To analyse population structure, we calculated pairwise FST in Dart R (Gruber et al. 2018), and conducted a Bayesian cluster analysis in the software ParallelStructure 2.3.4 on the CIPRES portal (Miller et al. 2015) to identify the number of genetic clusters in the dataset. We used the admixture model of ancestry with correlated allele frequencies, a burn-in length of 80,000 followed by 120,000 MCMC reps after burn-in, and we conducted 5 iterations each of K=1 to K=10. To estimate the number of genetic clusters, we used the Puechmaille method (Puechmaille 2016) on StructureSelector (Li & Liu 2018), which calculates MedMeaK, MaxMeaK, MedMedK, and MaxMedK. While StructureSelector also presents the results of ΔK using the Evanno method (Evanno et al. 2005), these results were discarded because ΔK is strongly affected by uneven sample sizes and shouldn’t be used to infer the number of subpopulations when sampling is uneven (Puechmaille 2016). In contrast, the four new estimators of the number of clusters used in the Puechmaille method are much less sensitive to uneven sampling regimes, and have been shown to consistently outperform other methods of genetic cluster membership across all simulations (Puechmaille 2016).

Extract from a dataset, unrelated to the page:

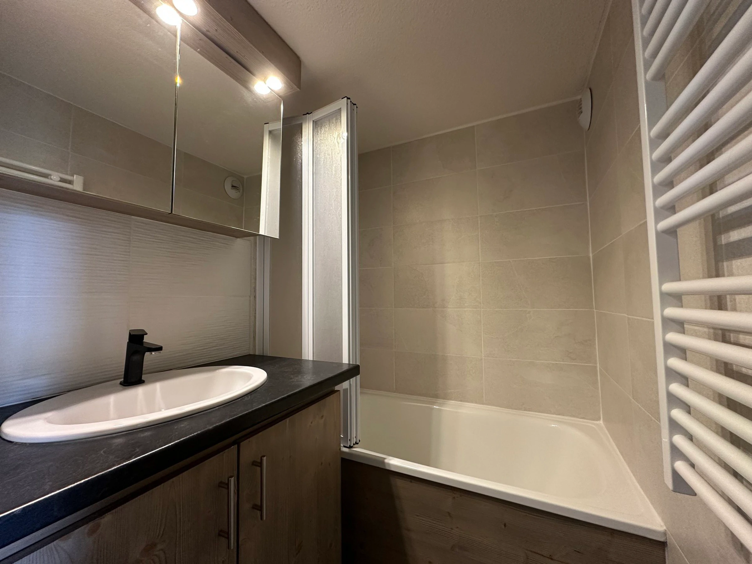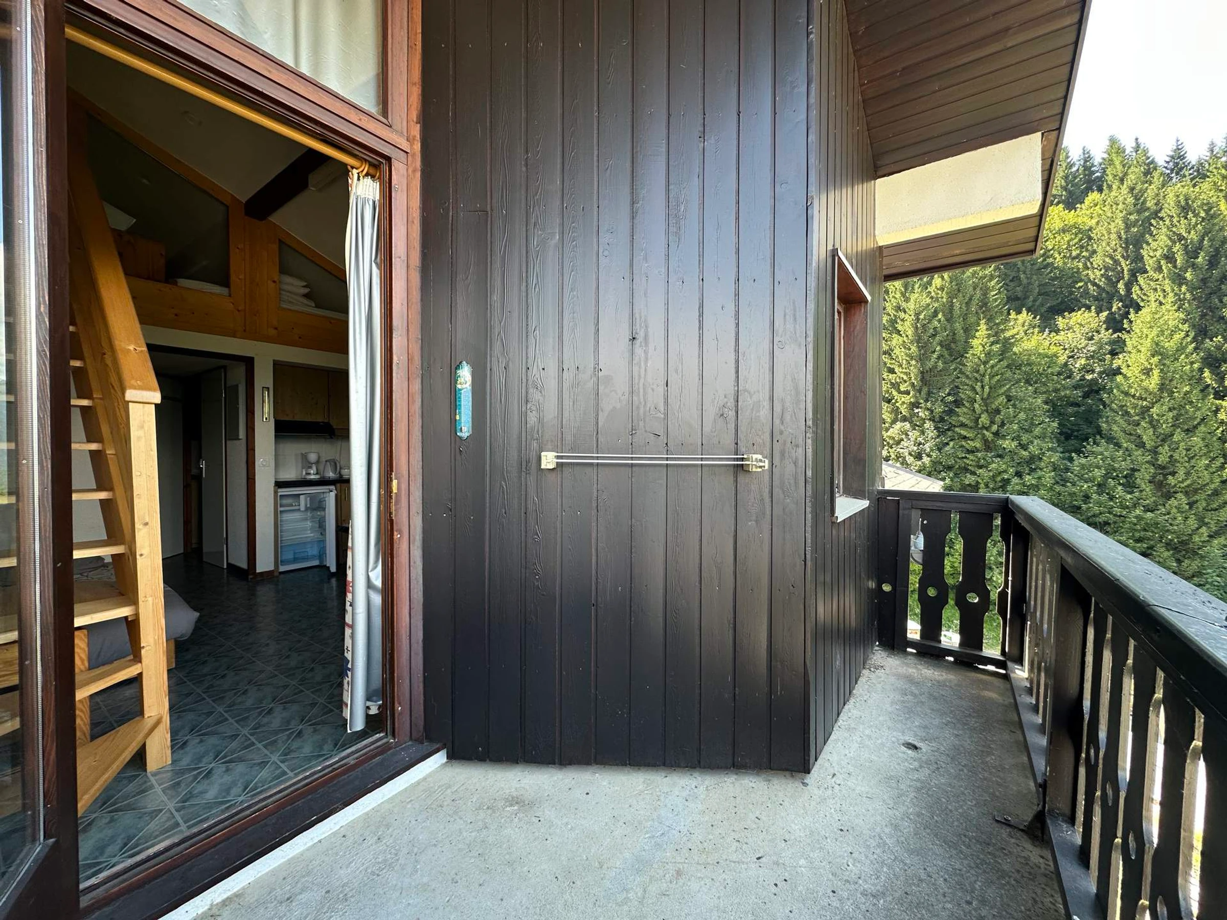 L'appartement dispose d'une entrée avec rangement, d'une salle de bain avec baignoire, de toilettes séparées, ainsi que d'une chambre inférieure à 1,80 mètres. Le séjour est équipé d'un canapé, d'une télévision et d'un coin cuisine.À l'étage, vous trouverez une mezzanine fermée inférieure à 1,80 mètres. Profitez également du balcon orienté nord qui offre une magnifique vue sur la montagne.

To estimate genetic diversity and mating system, we calculated observed heterozygosity and expected heterozygosity under Hardy-Weinberg equilibria, and F (inbreeding coefficient) in GenAlEx 6.51b (Peakall & Smouse 2012). To detect hybrids, we compared the genotypes of a subset of E. melliodora trees with other trees in the study site. Included in this analysis were 61 samples of E. melliodora selected randomly from all populations in the main dataset (except recruits) including natural stands, paddock trees, and planted trees, together with 42 samples of E. albens, and 11 samples from a range of other species including E. crebra and E. blakelyi (labelled “other spp”). Loci were filtered as described above, and a genetic cluster analysis was conducted in Structure, using the same parameters described above.